KAISER VOLENS: LORD GUTHRIE AND AN AUTHOR OF THE 1745

Currently on show in the Upper West Library is an exhibition of book cover art from the late Victorian and Edwardian golden age of popular literature. Some of the items on show, chosen by Dr. Kit Baston and Jo Hockey, include first editions of Kipling’s Just So Stories and Oscar Wilde’s The Happy Prince.

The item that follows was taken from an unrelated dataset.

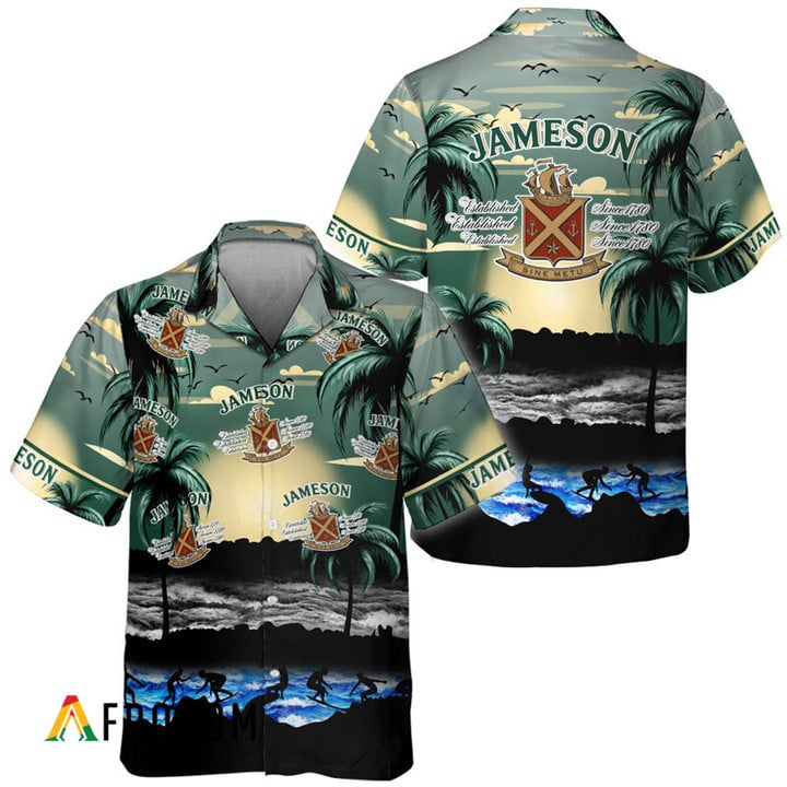 Jameson Whiskey Hawaiian Shirt For Men – Tropical Beach Palm Tree Surf – Summer Vacation Gift For Dad

One item, Frederick Watson’s 1914 novel Muckle John, is special in that the Signet Library copy once belonged to the Senator of the College of Justice Lord Guthrie, and he was interested enough in the book (an adventure for boys about the 1745 Rebellion) to write to Watson with his comments and criticisms (which included a comment about the absence of women amongst the characters and worries about the use of modern language). He inserted the text of his letter into the book, alongside Watson’s reply, which read:

I am so glad that you found the story enlivening, but as it is for boys between 12 and 17 I have to leave out the heroine. It is difficult to say how the book will go at such a fearsome time, but as a Christmas present it may not fall quite flat.

Your shrapnel at my twentieth century phrases is I feel sure, deserved. I make no defence historically – my defence must lie in another channel, and here I would like your opinion. .... The modern fiction reader loathes dialect in expressions that sound fantastic today. .... I will not ask you to reply to this, but we can discuss it in the Spring (Kaiser Volens).